At approximately 1:30 in the afternoon, the Klansmen charged into the community center. It was at this point where they were met by PLP and CAR demonstrators. The demonstrators used various weapons such as "dirt-clods, sticks, unopened soda-pop cans, and steel pipes wrapped in newspaper". Demonstrators and the Klansmen were "forcibly separated" by the Oxnard policemen by the doors and at the windows outside of the community center, much of which had sustained surface damage (broken windows). While the police were not fully collaborating the Klan, their initial mission of peacekeeping meant protecting the Klan's event. At this time, the demonstrators combatted the police using the aforementioned mentioned tactics, and police on the scene were "outnumbered 150-200 to 9". Many of the demonstrators, while in combat, were chanting "Death to the Klan, kill the Klan, kill the Klan and the Klan cops; we have done it before and we'll do it again".

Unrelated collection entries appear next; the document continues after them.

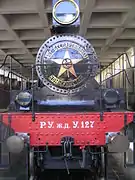 The Russian locomotive class U was a four-cylinder de Glehn compound locomotive, which first appeared in 1906. 62 class Us were built between 1906 and 1916 at the Putilov factory (later the Kirov Plant. By the beginning of 1940 the inventory still listed 47 class U locomotives.[1] The last locomotives were withdrawn in 1952.[1] U-127 is famous for being Vladimir Lenin's locomotive, hence its preservation. It was used to bring his body back to Moscow for his funeral. For this reason it has escaped the ravages of time and, much like Lenin himself, it was preserved in perfect condition. It has not moved since 1948.[2]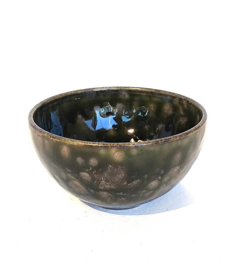 Small tea bowl in a mottled green glaze by potter Ian Rylatt.
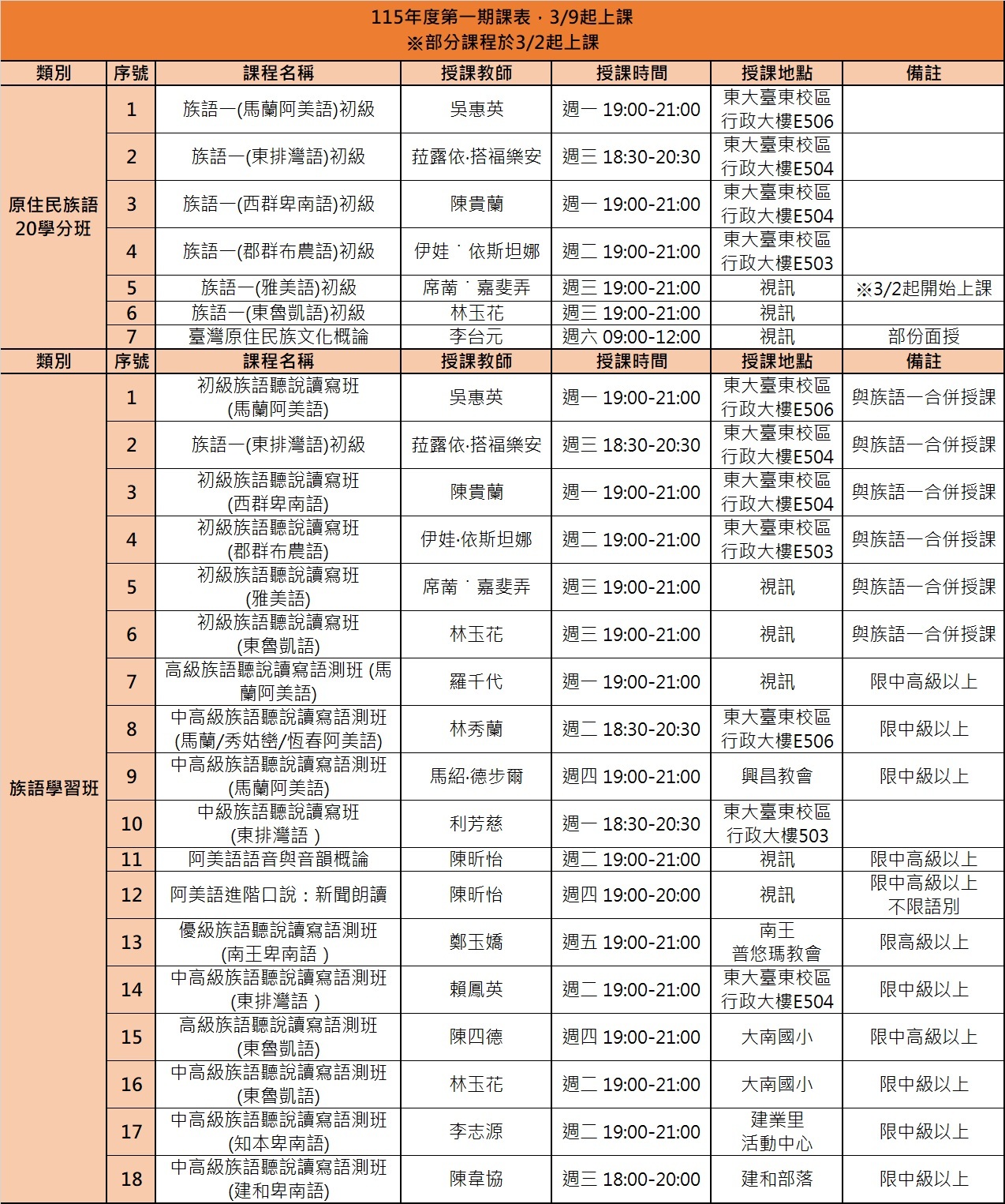 原住民族語言學習中心 115學年度第一期課程開放報名

After the scene of combat, the more militant demonstrators returned to the original protest and a "seemingly peaceful" protest continued until about 3:15. Around this time, an effigy of a Klansman was burned at the demonstration, and by 3:42, the Oxnard Police declared the protest as an unlawful assembly. Police ordered the protesters to disperse six times (in English and Spanish) but to no avail. Protestors jeered at the police in response, to the cheering enthusiasm of the residents, many of whom congregated on 9th St.

At 4:00, fifty Oxnard Police and the Ventura County Sheriffs broke up the demonstration and several of the demonstrators were arrested.

== Aftermath ==

At the initial reporting of the event, an estimated fifteen people suffered serious injuries, and thirteen people were arrested. One of the activists served a short sentence after being charged on the basis of inciting a riot, and participation in unlawful assembly.

The events in Oxnard did not lead to mass sympathy for the Klan in Oxnard. No "Klavern" (town or city Klan chapter) was ever formed in the city. What occurred in Oxnard was one of several incidences of violence that occurred in California and throughout the country in the late 1970s, and preluded intensified violence and the increasing association of the Klan movement with openly Nazi elements. In Castro Valley just two months later, the Klan battled with the PLP and CAR at an event, also led by Metzger, against Vietnamese refugees who had settled in the town. By 1979, the Klan ramped up their violence at the Greensboro Massacre, wherein the Klan murdered five members of the Communist Workers Party, and again in 1980 in Oceanside California, when Klansmen brutally assaulted counter-demonstrators.